• [SOURCE RECORDS]:
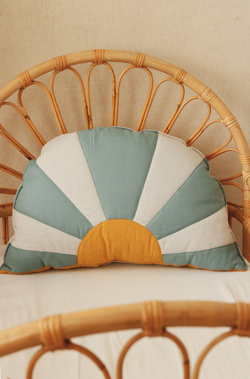 This patchwork blue and yellow sun-shaped cushion is carefully made of high-quality cotton and linen.
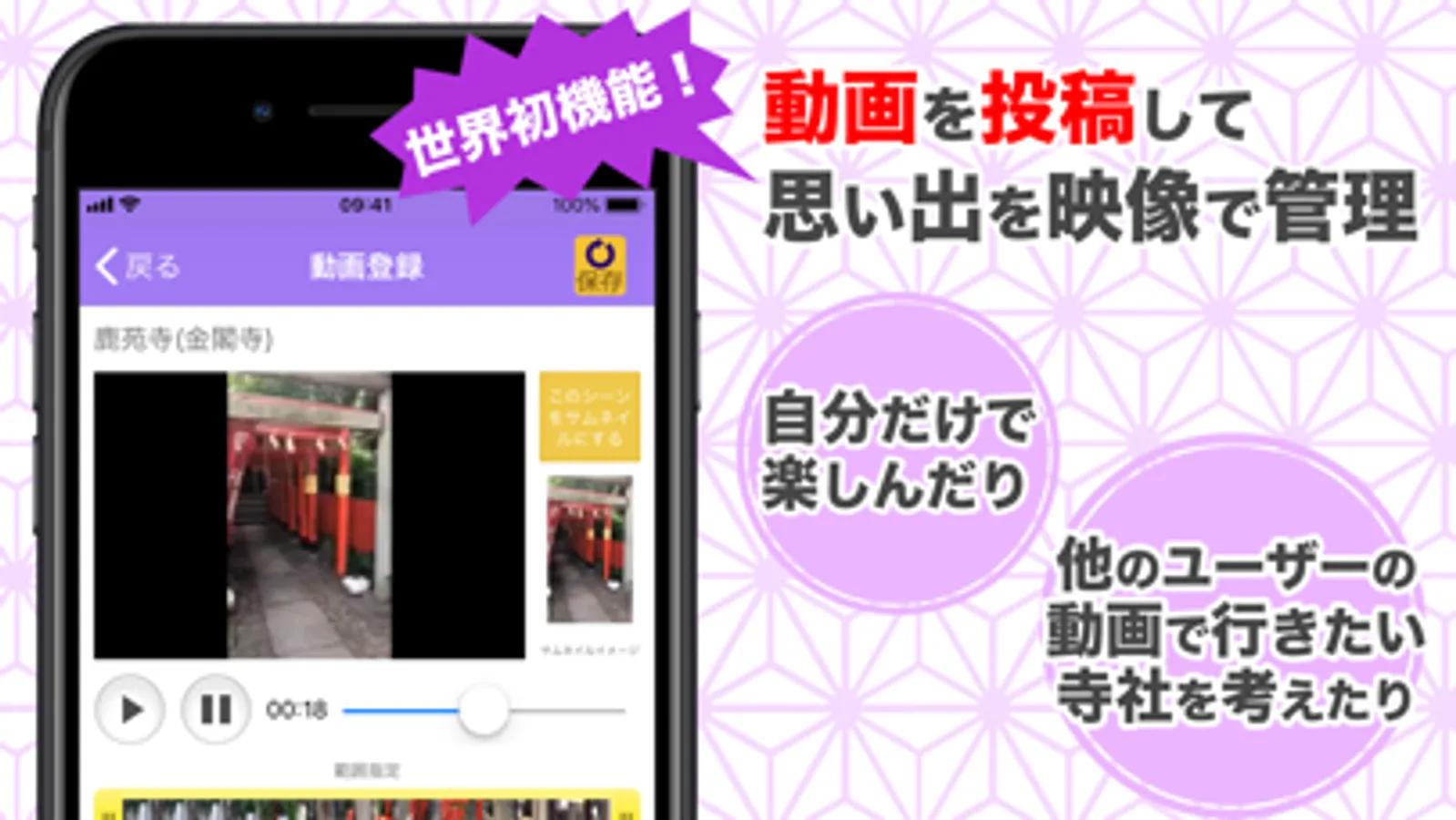 神社やお寺の動画を撮影して簡単に御朱印の記録や神社やお寺のイベント、思い出の記録がワンタッチで登録できる!
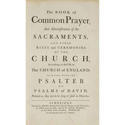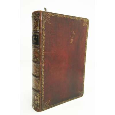 Cambridge: John Baskerville for the University, 1760. Large 8vo, contemporary red morocco with Baskerville floral gilt border, bound by binders working for Baskerville, spine gilt and neatly rebacked, Baskerville's own colour-wash marbled endpapers, some very minor dampstaining towards the rear of the work, occasional light foxing, covers very slightly rubbed, bookplate of Geoffrey Lord Cross of Chelsea [Gaskell 12, without borders; ESTC T81395]
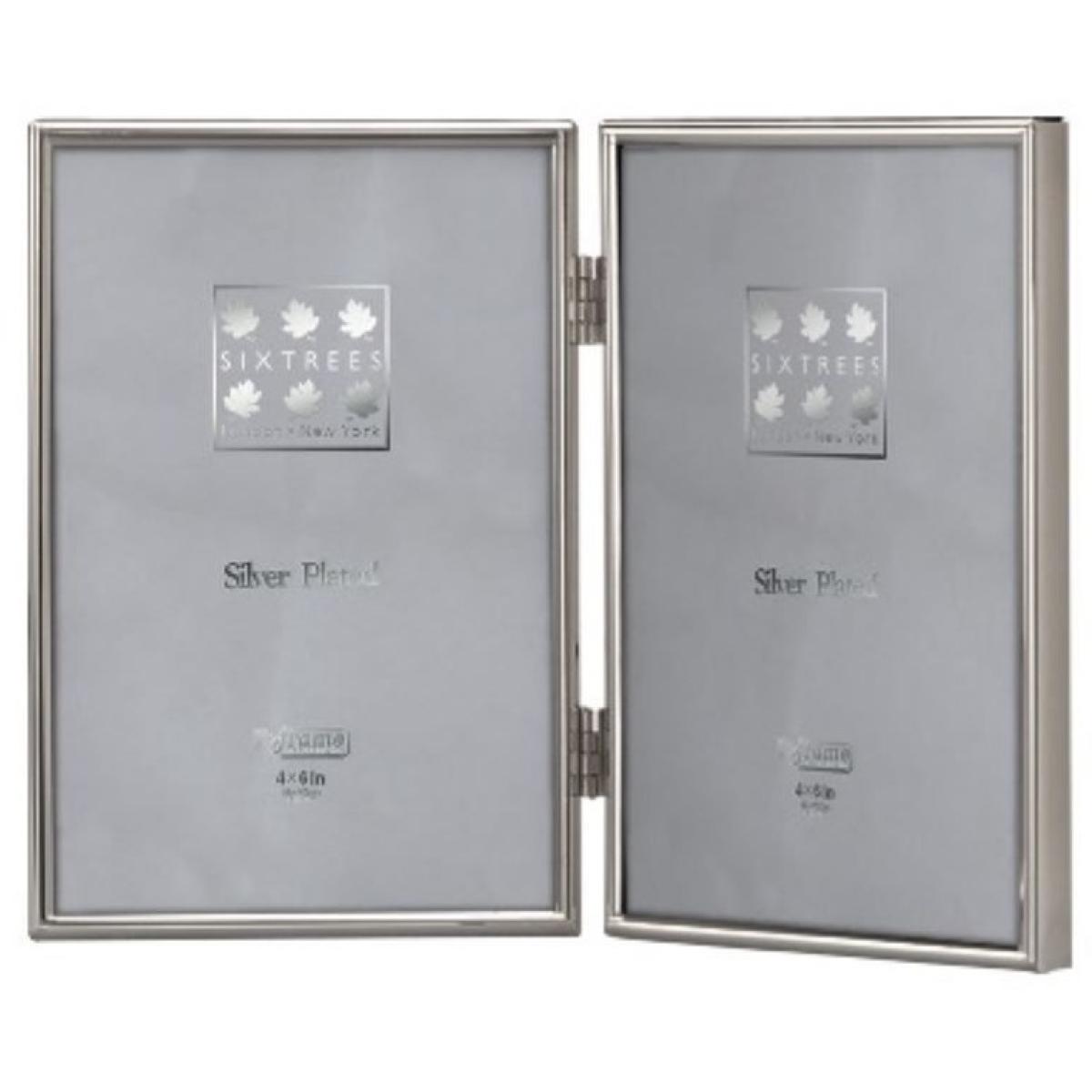 Sixtrees Cambridge Double Photo Frame - Silver Plated - 6x4 Landscape, Velvet
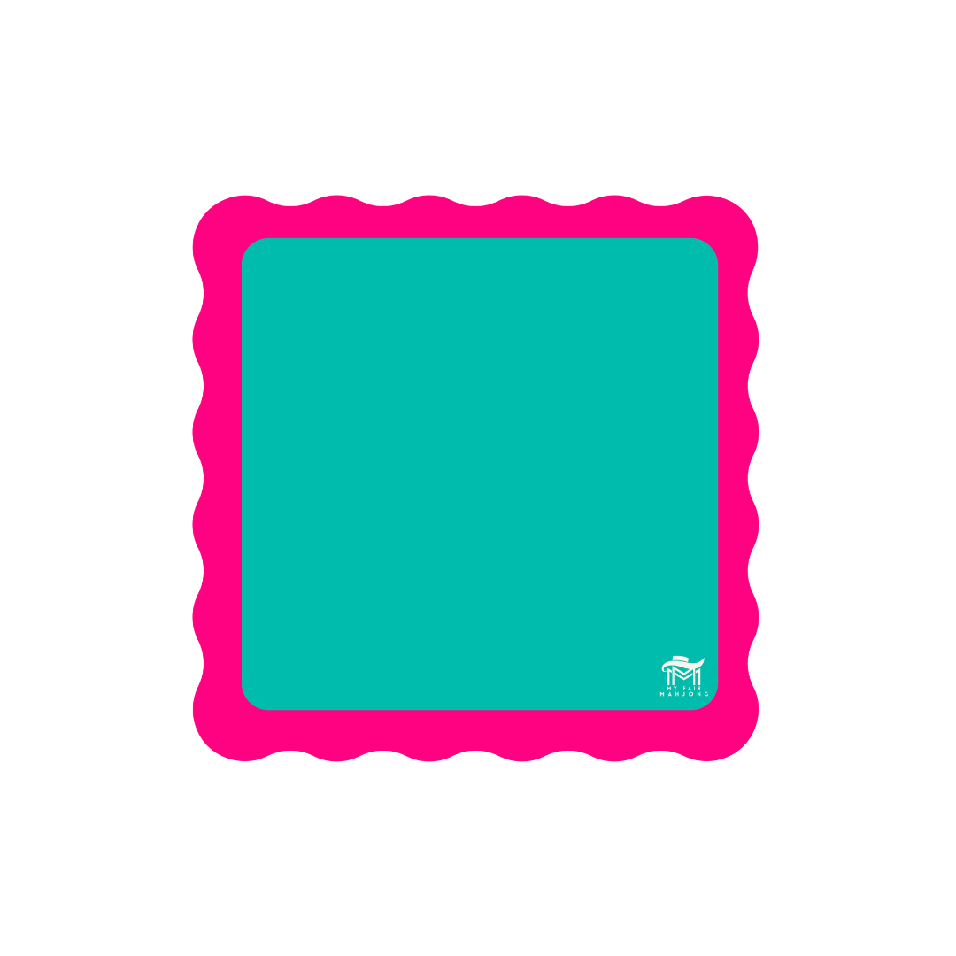 The Original Mini Scalloped Mahjong Mat We were the first to bring scalloped edges to the mahjong table – because playful details matter. This bold, portable mini mat fits perfectly in any My Fair Mahjong Mini Travel Set bag, folding and rolling for easy on-the-go fun. The simple center keeps your tiles in the spotlight, while vibrant color options add joy to every game. Made from neoprene with a non-slip backing, it’s machine washable and designed for real-life play. Dimensions: 21" x 21".
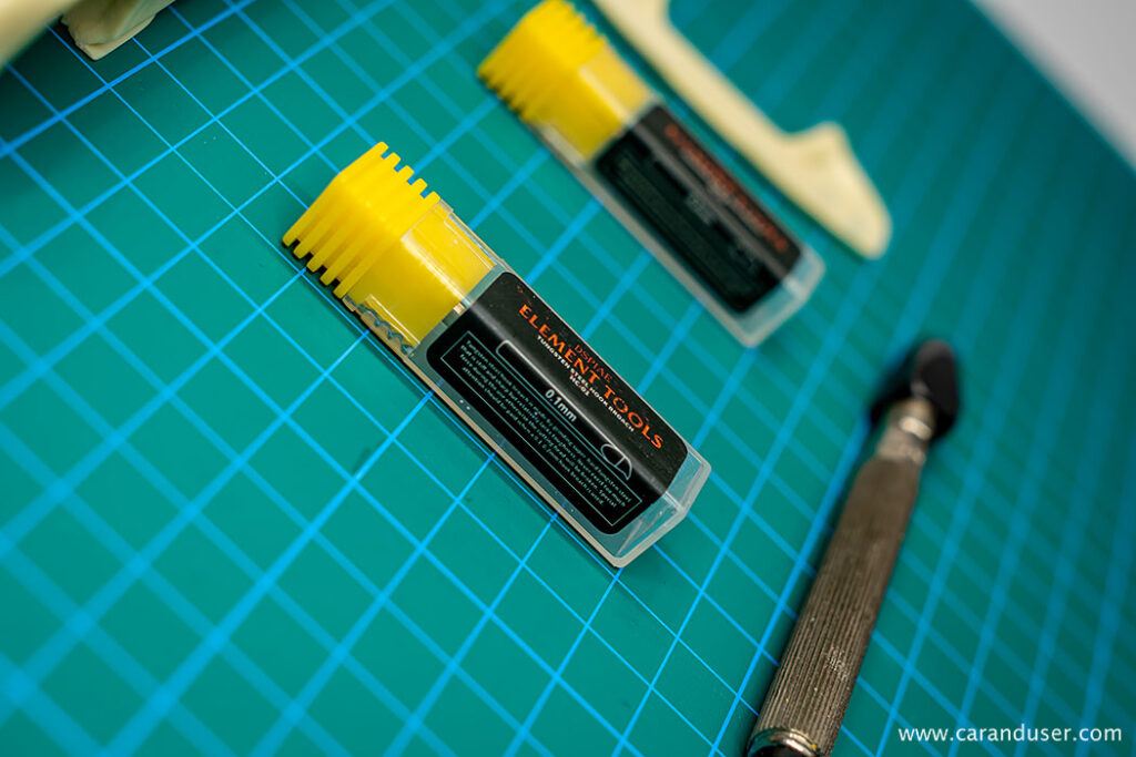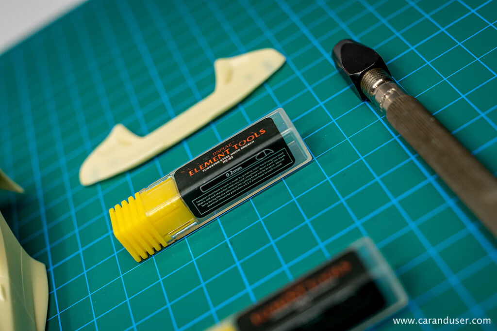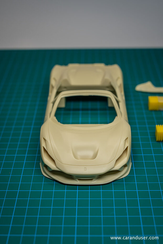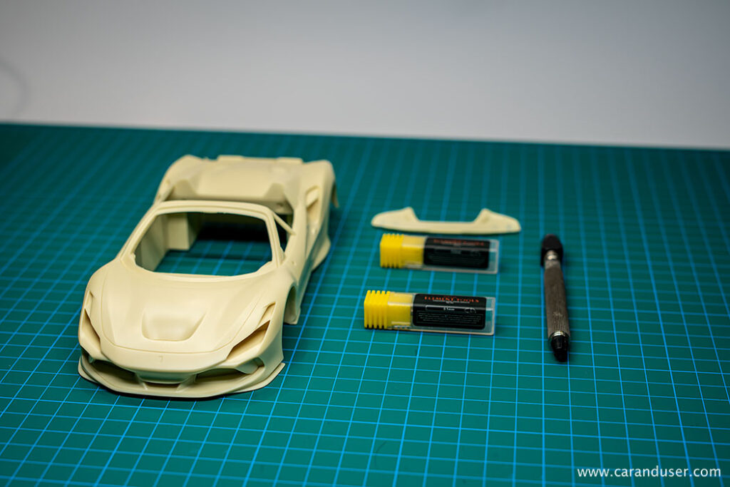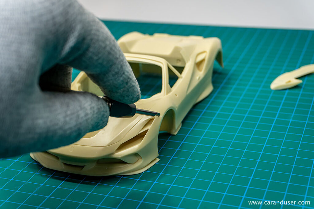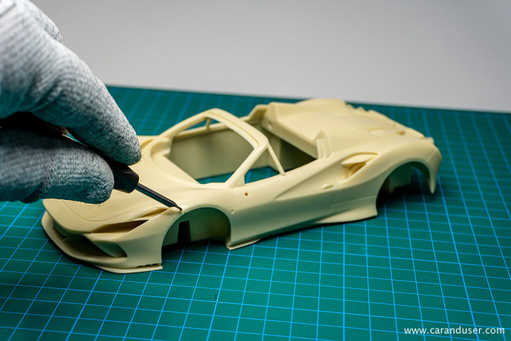 Ko se vsi resinski deli posušijo, nadaljujemo z globljenjem panelnih rež. Tudi pri maketi Ferrarija F8 Spider so linije na karoseriji ostre in različnih debelin, vendar nekoliko plitve za nadaljnji postopek karoserijske obdelave.

• [DESCRIPTION OF THE TASK]: The lines from the beginning of the listing above through the line holding "神社やお寺の動画を撮影して簡" are to be duplicated exactly, and the pictures omitted.

• [EXERCISE SOLUTION]:
 This patchwork blue and yellow sun-shaped cushion is carefully made of high-quality cotton and linen.
 神社やお寺の動画を撮影して簡単に御朱印の記録や神社やお寺のイベント、思い出の記録がワンタッチで登録できる!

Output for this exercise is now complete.